Sabtu, 19 Oktober 2013

“Potensi Takalar” Menggantung Harapan di Rumput Laut

“Potensi Takalar” Menggantung Harapan di Rumput Laut

coba2

SEPANJANG jalan menuju Desa Laguruda tampak sepi. Aktifitas masyarakat mulai terlihat hidup ketika memasuki wilayah pantai di desa ini, Rabu (22/5). Sekelompok ibu-ibu dibantu anak mereka yang umumnya perempuan tampak tengah ”merakit” bibit rumput laut yang diikatkan pada tali pelastik.
Pekerjaan itu dilakukan di bawah kolong rumah panggung–sekitar 50 meter dari bibir pantai. Sementara desiran ombak laut tak pernah berhenti mengiringi tiupan angin sepoi-sepoi yang bersahabat di siang yang cerah itu.
Usai menyelesaikan tugasnya, tak lama kemudian lilitan bibit rumput laut itu dipikul dua pria kemudian dibawa ke laut untuk kemudian ”ditanam” dengan cara dibentang di permukaan laut sekitar seratus meter dari pantai.

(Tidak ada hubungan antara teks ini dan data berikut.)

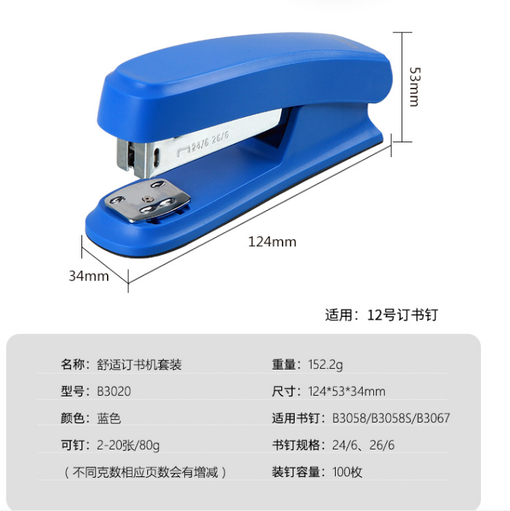 齐心(Comix)B302012#办公订书机3件套(订书器+订书钉+起钉器)办公用品蓝色 自营
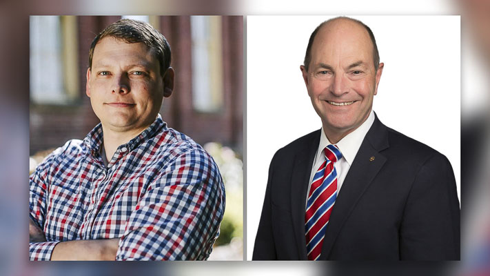 Auditor Greg Kimsey and opponent Brett Simpson each participate in Monday forum hosted by League of Women Voters of Clark County
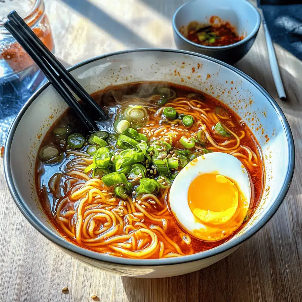 Once the noodles are heated, ladle your Spicy Gochujang Noodle Soup into serving bowls. Top each bowl with your desired garnishes, such as hard-boiled or jammy eggs, a sprinkle of sesame seeds, and a drizzle of chili oil for added spice. Serve hot and savor the comforting essence of this quick and satisfying meal!
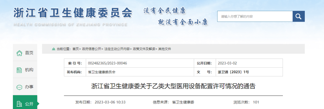 浙江省衛健委發文,大型醫療設備進院有變
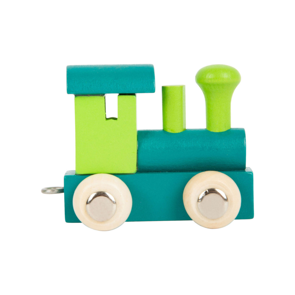 Locomotief voor de Smallfout houten lettertrein. Kleur: groen & petrol. Geschikt om letterwagonnetjes achter te bevestigen. Afmetingen: 7 x 3,5 x 5.5 centimeter. Geschikt vanaf 3 jaar.
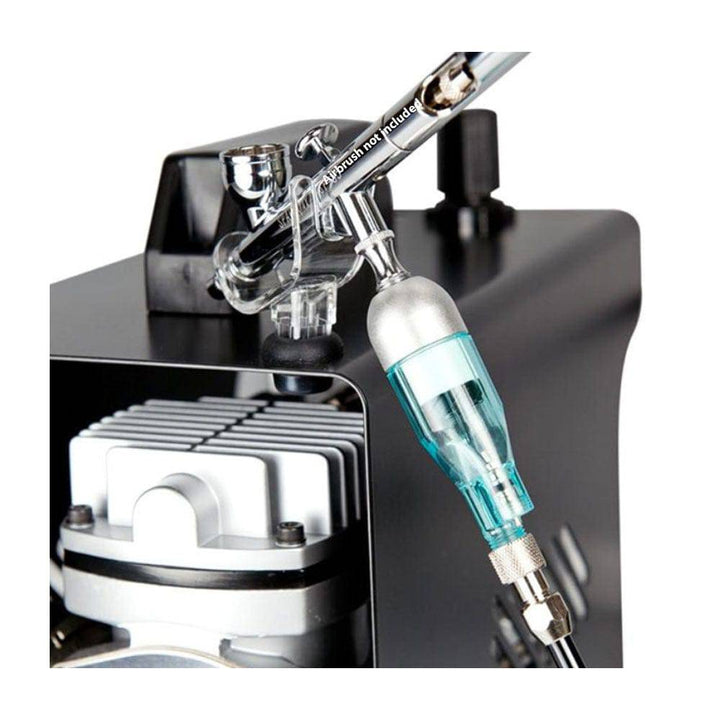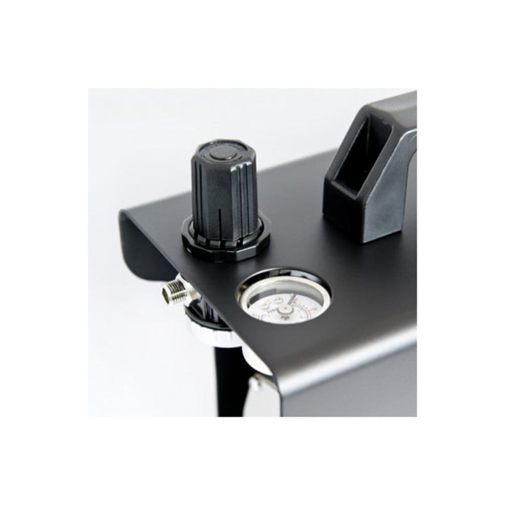 Housed in a curved metal case, the AC-501X model provides airbrush enthusiasts with a performance level which matches its aesthetic appeal. The regulator and gauge combo is also protected by the case. The case itself has also proven to be popular with customers who have gone on to customizing it with their own designs after purchase; the smooth finishing is compatible with stickers, paints, and of course, airbrush colors. Reduction of moisture in the output air is also helped by the inclusion of the patented Silver Bullet moisture trap. Whether in your own garage or a beauty salon, the AC-501X wouldn’t miss a beat. An ideal unit for any airbrush enthusiast.

Dari kejauhan tampak pelampung-pelampung dari botol berbahan pelastik mengapung diantara rumput laut yang sudah ditebar.
Menurut salah seorang petani rumput laut di Desa Lagaruda, Arsyad Duni (39), bibit yang sudah ”ditanam” itu menunggu waktu empat puluh hari untuk dipanen.
Dia mengaku sedikitnya ada tiga pengumpul di desa ini yang siap menadah hasil panen mereka sebelum sampai ke investor. Dalam kondisi normal, setahun petani bisa empat sampai lima kali panen.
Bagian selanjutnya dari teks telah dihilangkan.